S’il s’était agi d’un roman érotique, pornographique, sans doute aurait-il fallu en masquer le titre comme je l’ai fait pour ce roman ô combien dangereux : « Les versets sataniques » de Salman Rushdie. Il aurait été impossible, provocateur, suicidaire, de le manipuler dans les transports, sur le guéridon d’un bistrot, à la vue de tous et surtout à celle d’un hypothétique illuminé. C’est une curieuse expérience que celle de la lecture dissimulée, secrète ou encore conspiratrice. Dissimulée pour palier le danger ; secrète mais pas invisible, un rien bravache ; conspiratrice parce qu’émaillée du sentiment d’abonder dans le sens de l’auteur, celui de la liberté de penser et de pensée, de leur libre expression, de la possibilité d’interroger les dogmes les plus établis et de celui de défier la sentence.

1988. Trente-cinq ans déjà que ce livre est paru. Trente-cinq ans qu’il a provoqué des réactions, une violence, des condamnations et menaces de mort irrationnelles. Quelques mois seulement, où l’écrivain a été poignardé une dizaine de fois dans l’état de New York, par un homme âgé de vingt-quatre ans, donc pas né à l’époque de la parution du livre. Ce jeune Américain d’origine libanaise a-t-il seulement lu le livre ? Ou lui a-t-on bourré l’esprit d’idées bonnes à haïr et apprêtées pour tuer pour qu’il commette ce crime salué par les autorités de certains États terroristes.

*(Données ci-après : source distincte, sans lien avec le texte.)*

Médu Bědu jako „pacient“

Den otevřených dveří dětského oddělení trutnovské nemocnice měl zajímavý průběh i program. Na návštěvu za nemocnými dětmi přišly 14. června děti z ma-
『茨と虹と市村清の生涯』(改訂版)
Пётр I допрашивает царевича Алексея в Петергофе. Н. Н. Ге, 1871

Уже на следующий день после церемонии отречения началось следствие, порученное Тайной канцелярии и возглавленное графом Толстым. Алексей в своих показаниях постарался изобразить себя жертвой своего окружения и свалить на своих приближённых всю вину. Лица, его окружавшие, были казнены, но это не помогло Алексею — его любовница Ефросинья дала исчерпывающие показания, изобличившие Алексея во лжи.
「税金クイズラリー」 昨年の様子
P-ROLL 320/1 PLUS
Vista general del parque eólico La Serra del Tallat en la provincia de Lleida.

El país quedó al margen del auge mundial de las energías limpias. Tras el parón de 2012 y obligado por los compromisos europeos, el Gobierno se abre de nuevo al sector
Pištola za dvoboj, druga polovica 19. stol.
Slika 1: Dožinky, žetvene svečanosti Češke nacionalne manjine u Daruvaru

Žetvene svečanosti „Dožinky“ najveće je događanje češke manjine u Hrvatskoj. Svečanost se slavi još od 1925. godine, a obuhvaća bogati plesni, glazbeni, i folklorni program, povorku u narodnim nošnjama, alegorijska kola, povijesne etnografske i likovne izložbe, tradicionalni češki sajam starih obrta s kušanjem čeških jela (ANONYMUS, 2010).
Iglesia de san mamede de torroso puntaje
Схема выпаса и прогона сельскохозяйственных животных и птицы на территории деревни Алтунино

Traduit en français, certainement très mal puisque le texte d’origine est imprégné de sabir anglo-indien, d’idiomes difficiles à transposer, « Les versets sataniques » ne sont pas accessibles au premier venu, même à un lecteur confirmé. Il faut sans cesse aller vérifier les sources religieuses et historiques, la logique des faits et décortiquer les enjeux personnels de l’auteur pour pouvoir soutenir une lecture intelligible. Cependant, ce qui prédomine, c’est le sentiment de comédie, de farce, de dérision ; on sent l’exploration, l’exploitation de toutes les failles du dogme religieux. Cet humour incisif place un coin, donne du jeu aux croyances aveugles, apporte de l’air à une Tradition qui refuse de se mettre en question même quand les penseurs les plus doctes y apportent des connaissances nouvelles et avérées.

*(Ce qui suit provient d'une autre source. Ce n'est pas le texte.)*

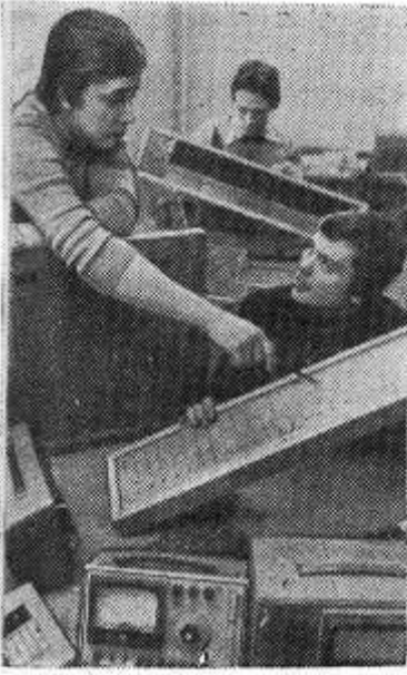
Московская опытно-экспериментальная фабрика «Агроросбие» Министерства сельского хозяйства РСФСР выпускает изделия более 1000 наименований. Это макеты сельских построек и сооружений, технические средства обучения, муляжи плодов и овощей.
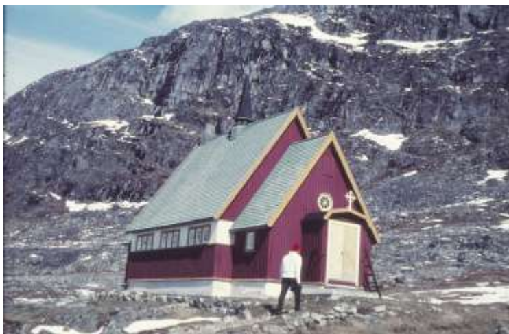
Kirken i Arsuk, hvor vi om søndagen var til gudstjeneste. med menigheden delt i mands- og kvindeside
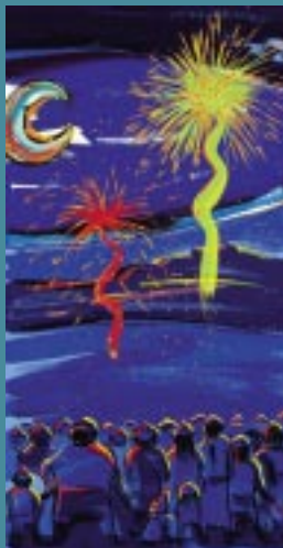
Portada: Cartell de la Festa Major Autor: Carles Martínez Calveras
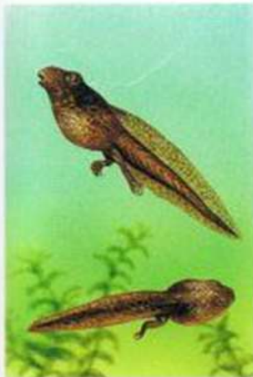
Kijankom wyrastają płetwiaste kończyny.
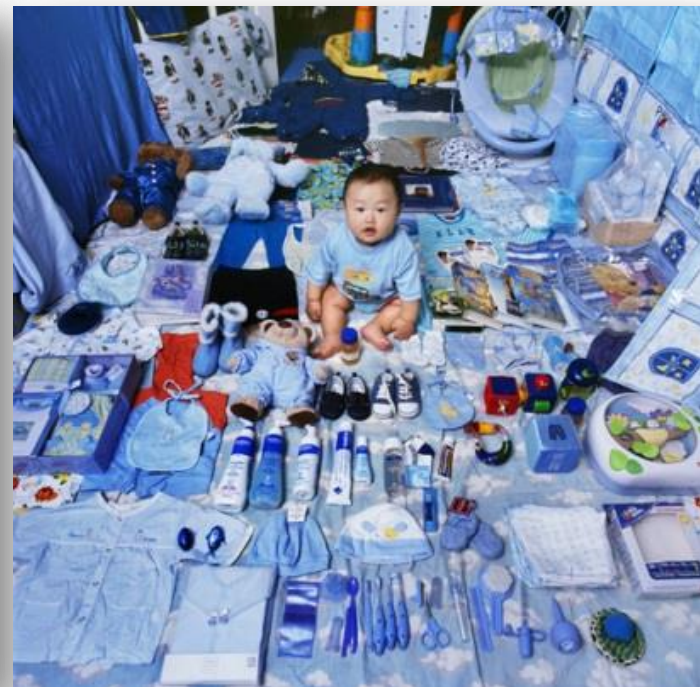
JeongMee Yoon – The pink and blue project
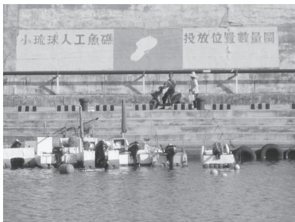
写真 4 台湾南部小琉球地区の大福漁港の防波堤に描かれたパヤオ位置図（撮影：筆者、2012 年 3 月）
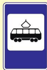
Место остановки трамвая
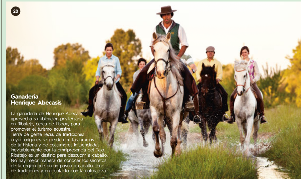
Ganadería Henrique Abecasis

El histórico encuentro entre João II y Cristóbal Colón en Vale do Paraíso tiene en este espacio un singular monumento y un recorrido museológico con el tema "El mundo moderno también comenzó aquí en el siglo XV". La interpretación y representación del mundo a través de la cartografía es aquí una invitación al conocimiento que abarca diferentes momentos de la historia mundial: desde la antigüedad hasta el día de hoy.

Lire « Les versets sataniques » n’a été agréable ni sur le fonds ni pour la forme. La structure en quinconce du récit, alternant les points de vue narratifs et les voix, rend la lecture pénible, fatigante. Mais une chose est certaine, on y célèbre le droit au doute, on y comprend l’irrationalité de la violence à l’encontre de son auteur, on en déduit la fragilité théologique, spirituelle, des meneurs de foule.